196 minute running time … yeah, 196 minutes, but this is Nuri Bilge Ceylan so he gets a pass … I watched it over two nights, like a double feature … talk talk talk, people bickering at each other in Turkish for over three hours, the joy. But I didn’t hate it, oddly. Ceylan basically makes the same movie over and over again with slight variations, and his masterpiece is Once Upon a Time in Anatolia, which is truly great (I bought the Blu-ray for repeated viewings). If you like Ceylan, you’'ll enjoy Winter Sleep.
Dick Brody wasn’t thrilled: “Ceylan paces this thin dramatic sketch as if it were a Wagner opera, with ponderous pauses and fraught gazes yearning toward depths that the movie doesn’t reach.”

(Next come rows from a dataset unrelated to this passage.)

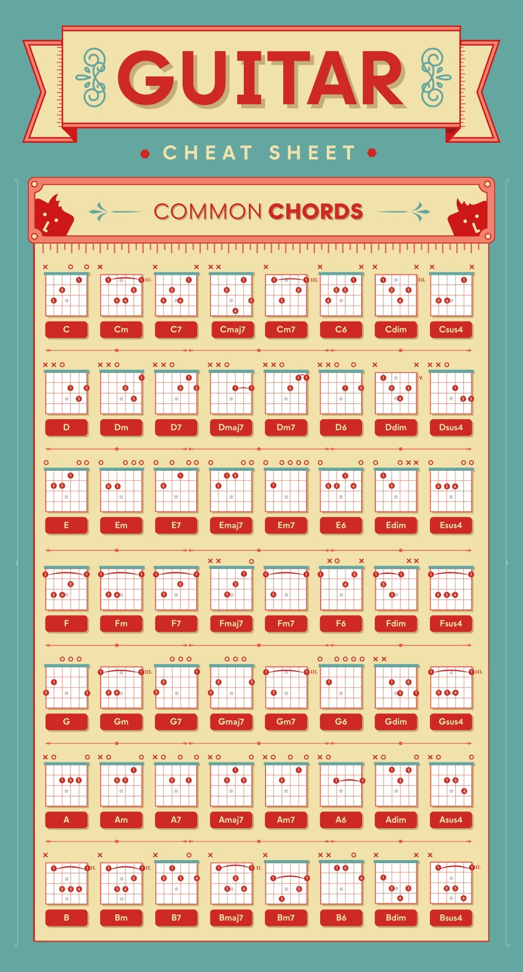 Plakát s prstoklady nejpoužívanějších kytarových akordů. przeczytaj całość
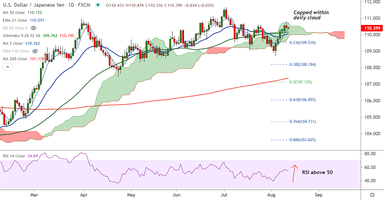 Technical analysis shows upside bias for the pair remains intact. Break above cloud will fuel further gains in the pair.
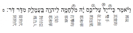 再繼續探討重音,附圖是列寧格勒抄本裡的出17:16,特別用兩個紅框標出兩個重音字「單數一隻手 + 耶和華」〜注意其中的『耶和華』特別被抬上到次行的排頭,所以發音時,『耶和華』須比『單數一隻手』用更大聲量。於是加入吟詠的聲調之後,第一個感歎詞的全部五個字是如附圖。
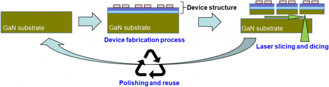 根據(jù)文獻(xiàn)介紹,新開發(fā)的GaN襯底減薄技術(shù)可以在器件制造之后采用激光工藝進(jìn)行減薄,以最大幅度減少GaN襯底的消耗。實驗表示,每100毫米厚的GaN襯底可以制作一個器件層,而以前每個400 mm厚的GaN基板只能獲得一個器件層,相比之下減少了300%的損耗。值得一提的是,所消耗的GaN襯底的量將僅為切片器件層的厚度,并可以通過拋光去除以重新使用。換句話說,使用該新技術(shù)有望實現(xiàn)GaN襯底0耗損!
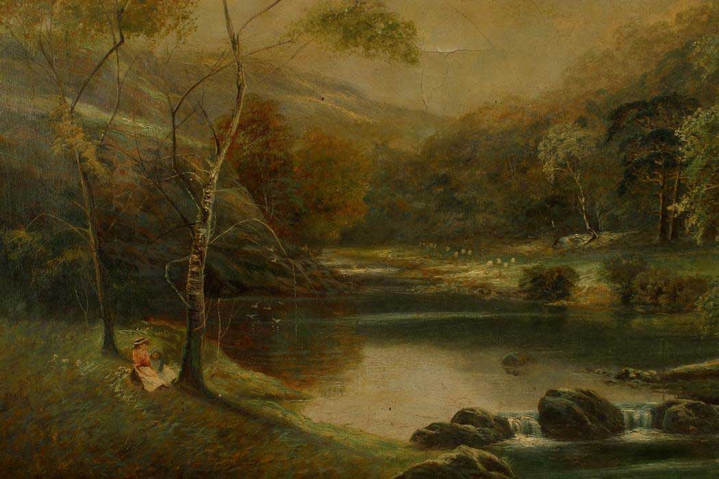 English Victorian Landscape of Girls by a Stream
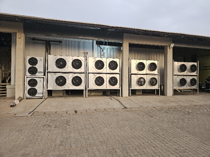 A row of commercial air conditioning units lines the exterior of a building. The units are stacked, some with four fans in a square arrangement, others with two fans. They sit on metal frames under the building's overhang, spaced between concrete pillars. The building's exterior is light gray, and the ground is paved with a geometric pattern. The sky is overcast, casting a muted light on the scene.

Zhuo-ning Su wrote this funny line in his review: “… the one thing that most conceivably justifies the awarding of the Palme d’Or, a hypnotic pull of the film that lulls you into a meditative trance, stems most likely also from the ceaseless conversations … the desperation a viewer feels when he checks to find there are still hours on the clock is also very real.”
Great line from Manohla Dargis’s really well-written review (she gets it): “… the movie can be classed as a character study although it often plays more like one of those spiritual autopsies that directors occasionally perform on their protagonists, gutting them with degrees of gravity, glee and precision and extracting flaws like diseased organs.”